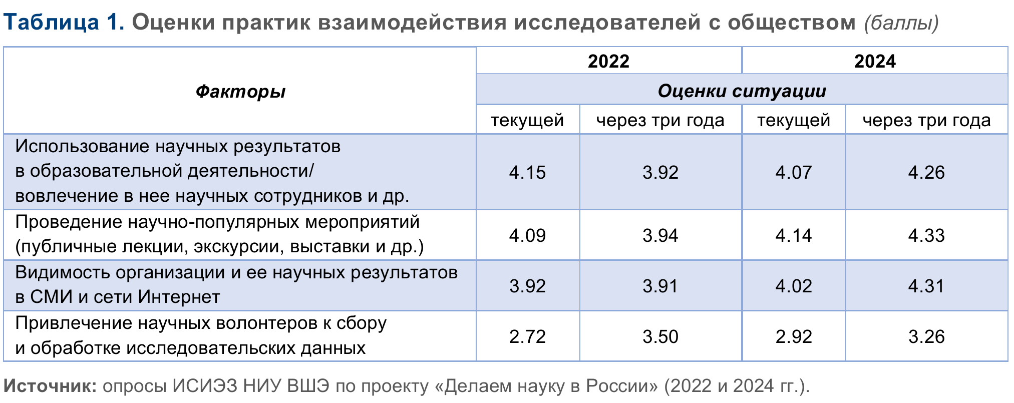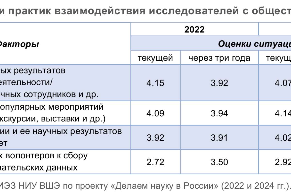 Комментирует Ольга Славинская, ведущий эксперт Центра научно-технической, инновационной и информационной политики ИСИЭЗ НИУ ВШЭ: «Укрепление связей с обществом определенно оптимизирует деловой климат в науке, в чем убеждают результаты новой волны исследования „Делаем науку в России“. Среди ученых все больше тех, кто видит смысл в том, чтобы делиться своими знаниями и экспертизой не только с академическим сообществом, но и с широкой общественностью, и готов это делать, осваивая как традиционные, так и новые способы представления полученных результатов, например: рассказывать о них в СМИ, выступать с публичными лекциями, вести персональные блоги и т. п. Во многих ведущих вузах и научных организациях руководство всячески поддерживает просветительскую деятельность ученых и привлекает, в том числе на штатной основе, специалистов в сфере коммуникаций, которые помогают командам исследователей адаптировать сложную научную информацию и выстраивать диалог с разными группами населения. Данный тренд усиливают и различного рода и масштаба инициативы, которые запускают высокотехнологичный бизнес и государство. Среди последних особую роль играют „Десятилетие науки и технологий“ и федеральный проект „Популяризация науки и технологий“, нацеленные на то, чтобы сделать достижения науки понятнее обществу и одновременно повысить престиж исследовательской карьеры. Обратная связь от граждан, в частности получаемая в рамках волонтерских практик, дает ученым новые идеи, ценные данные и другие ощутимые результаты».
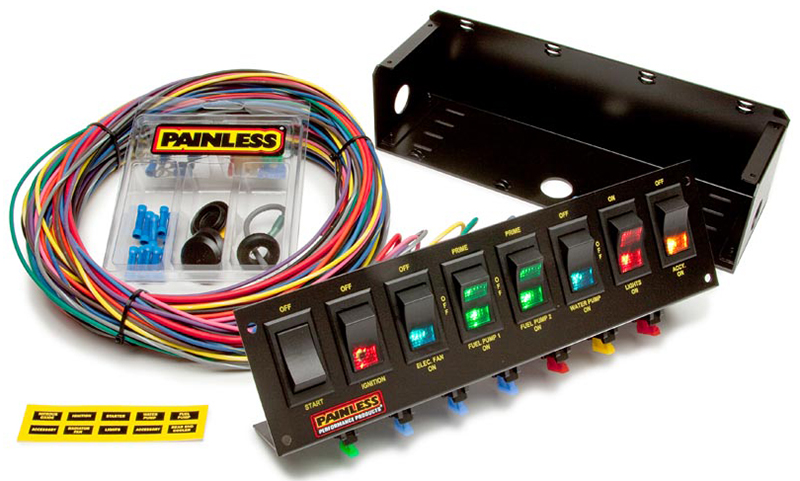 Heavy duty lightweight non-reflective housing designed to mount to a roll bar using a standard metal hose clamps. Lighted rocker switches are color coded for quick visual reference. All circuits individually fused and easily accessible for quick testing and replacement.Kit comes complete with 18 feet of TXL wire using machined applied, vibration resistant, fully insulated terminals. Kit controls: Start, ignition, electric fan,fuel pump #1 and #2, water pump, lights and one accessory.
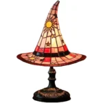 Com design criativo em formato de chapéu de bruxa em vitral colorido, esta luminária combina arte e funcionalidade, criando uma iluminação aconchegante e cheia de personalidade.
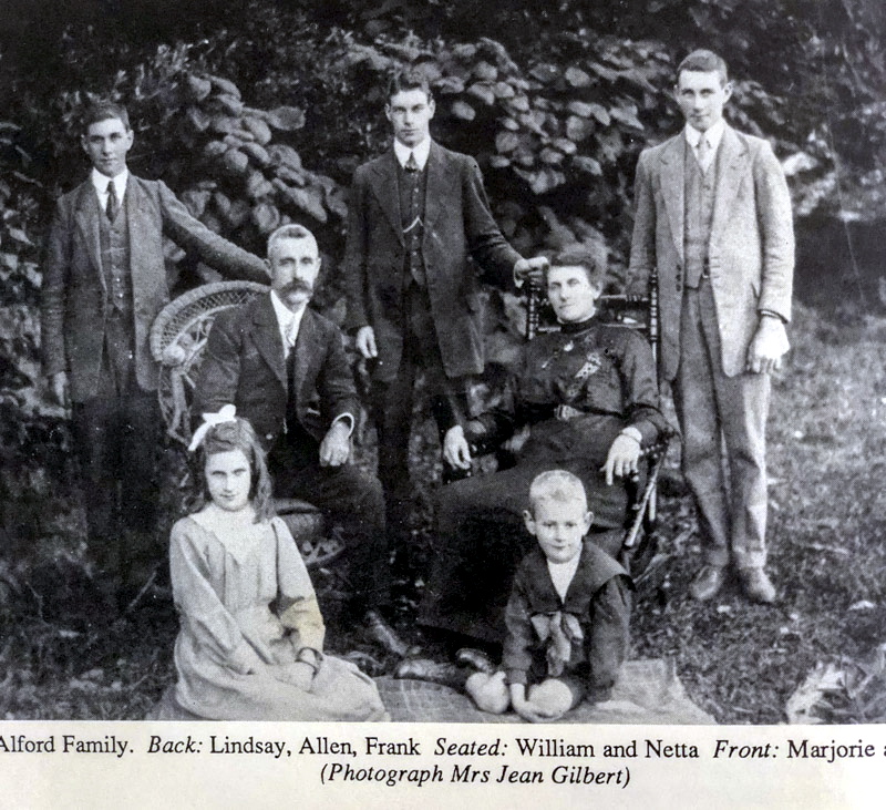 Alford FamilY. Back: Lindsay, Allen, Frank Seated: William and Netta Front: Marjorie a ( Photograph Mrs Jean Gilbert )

*TASK REQUIREMENTS*
Leave every image out, and retype the material exactly.

*THE ANSWER*
 Комментирует Ольга Славинская, ведущий эксперт Центра научно-технической, инновационной и информационной политики ИСИЭЗ НИУ ВШЭ: «Укрепление связей с обществом определенно оптимизирует деловой климат в науке, в чем убеждают результаты новой волны исследования „Делаем науку в России“. Среди ученых все больше тех, кто видит смысл в том, чтобы делиться своими знаниями и экспертизой не только с академическим сообществом, но и с широкой общественностью, и готов это делать, осваивая как традиционные, так и новые способы представления полученных результатов, например: рассказывать о них в СМИ, выступать с публичными лекциями, вести персональные блоги и т. п. Во многих ведущих вузах и научных организациях руководство всячески поддерживает просветительскую деятельность ученых и привлекает, в том числе на штатной основе, специалистов в сфере коммуникаций, которые помогают командам исследователей адаптировать сложную научную информацию и выстраивать диалог с разными группами населения. Данный тренд усиливают и различного рода и масштаба инициативы, которые запускают высокотехнологичный бизнес и государство. Среди последних особую роль играют „Десятилетие науки и технологий“ и федеральный проект „Популяризация науки и технологий“, нацеленные на то, чтобы сделать достижения науки понятнее обществу и одновременно повысить престиж исследовательской карьеры. Обратная связь от граждан, в частности получаемая в рамках волонтерских практик, дает ученым новые идеи, ценные данные и другие ощутимые результаты».
 Heavy duty lightweight non-reflective housing designed to mount to a roll bar using a standard metal hose clamps. Lighted rocker switches are color coded for quick visual reference. All circuits individually fused and easily accessible for quick testing and replacement.Kit comes complete with 18 feet of TXL wire using machined applied, vibration resistant, fully insulated terminals. Kit controls: Start, ignition, electric fan,fuel pump #1 and #2, water pump, lights and one accessory.
 Com design criativo em formato de chapéu de bruxa em vitral colorido, esta luminária combina arte e funcionalidade, criando uma iluminação aconchegante e cheia de personalidade.
 Alford FamilY. Back: Lindsay, Allen, Frank Seated: William and Netta Front: Marjorie a ( Photograph Mrs Jean Gilbert )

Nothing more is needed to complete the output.